* Problem to solve
Print all of the data below exactly as it appears, leaving out every image.

* Data block
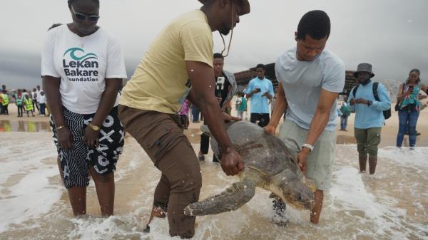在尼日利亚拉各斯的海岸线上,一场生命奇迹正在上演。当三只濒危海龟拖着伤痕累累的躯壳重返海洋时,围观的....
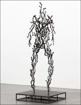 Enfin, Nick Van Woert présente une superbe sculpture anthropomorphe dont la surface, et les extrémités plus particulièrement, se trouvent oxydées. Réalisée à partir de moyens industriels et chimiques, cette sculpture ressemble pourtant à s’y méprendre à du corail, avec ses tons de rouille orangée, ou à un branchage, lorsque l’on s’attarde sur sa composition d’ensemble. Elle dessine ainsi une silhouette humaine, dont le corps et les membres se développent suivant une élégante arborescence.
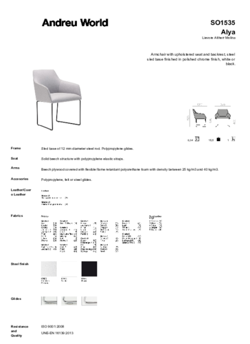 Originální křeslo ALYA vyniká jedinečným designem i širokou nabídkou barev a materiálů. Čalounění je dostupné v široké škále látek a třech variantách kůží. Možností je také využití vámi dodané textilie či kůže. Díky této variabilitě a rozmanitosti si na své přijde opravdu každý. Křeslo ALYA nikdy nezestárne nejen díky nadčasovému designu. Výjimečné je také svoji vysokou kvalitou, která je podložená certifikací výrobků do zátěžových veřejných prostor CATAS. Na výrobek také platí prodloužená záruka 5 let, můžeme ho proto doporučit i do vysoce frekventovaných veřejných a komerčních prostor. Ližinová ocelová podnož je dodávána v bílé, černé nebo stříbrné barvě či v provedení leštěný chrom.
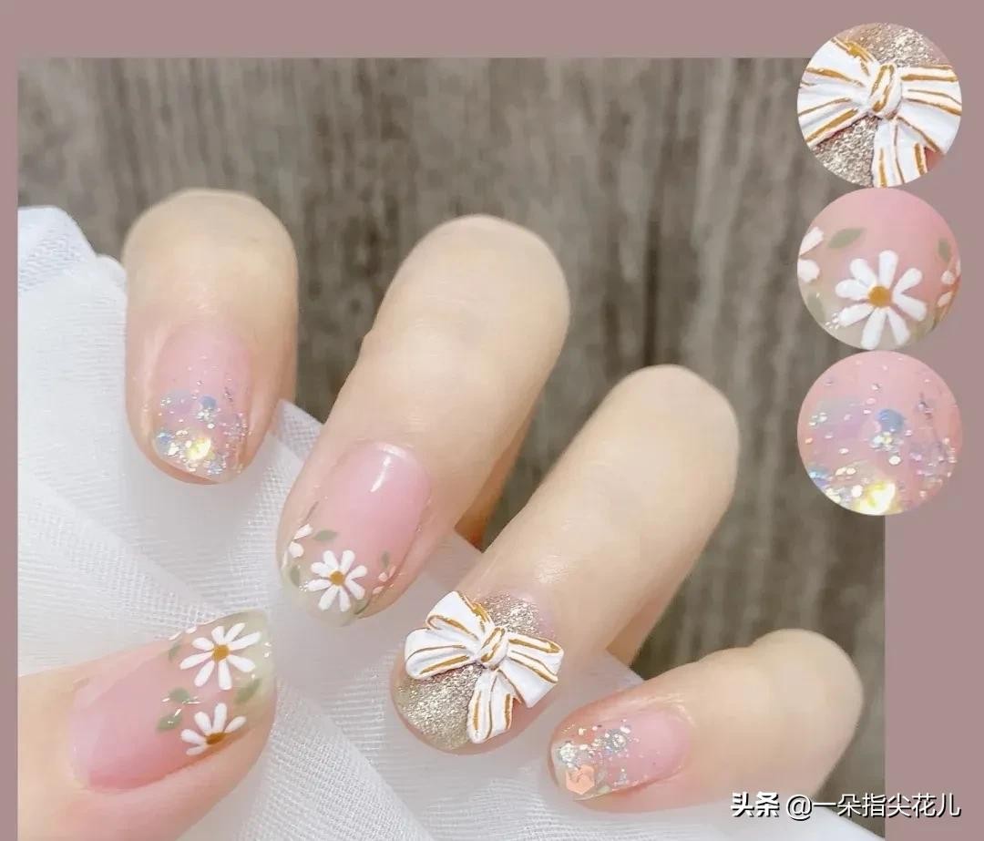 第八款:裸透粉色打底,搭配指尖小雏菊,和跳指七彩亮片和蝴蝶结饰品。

* Task result
在尼日利亚拉各斯的海岸线上,一场生命奇迹正在上演。当三只濒危海龟拖着伤痕累累的躯壳重返海洋时,围观的....
 Enfin, Nick Van Woert présente une superbe sculpture anthropomorphe dont la surface, et les extrémités plus particulièrement, se trouvent oxydées. Réalisée à partir de moyens industriels et chimiques, cette sculpture ressemble pourtant à s’y méprendre à du corail, avec ses tons de rouille orangée, ou à un branchage, lorsque l’on s’attarde sur sa composition d’ensemble. Elle dessine ainsi une silhouette humaine, dont le corps et les membres se développent suivant une élégante arborescence.
 Originální křeslo ALYA vyniká jedinečným designem i širokou nabídkou barev a materiálů. Čalounění je dostupné v široké škále látek a třech variantách kůží. Možností je také využití vámi dodané textilie či kůže. Díky této variabilitě a rozmanitosti si na své přijde opravdu každý. Křeslo ALYA nikdy nezestárne nejen díky nadčasovému designu. Výjimečné je také svoji vysokou kvalitou, která je podložená certifikací výrobků do zátěžových veřejných prostor CATAS. Na výrobek také platí prodloužená záruka 5 let, můžeme ho proto doporučit i do vysoce frekventovaných veřejných a komerčních prostor. Ližinová ocelová podnož je dodávána v bílé, černé nebo stříbrné barvě či v provedení leštěný chrom.
 第八款:裸透粉色打底,搭配指尖小雏菊,和跳指七彩亮片和蝴蝶结饰品。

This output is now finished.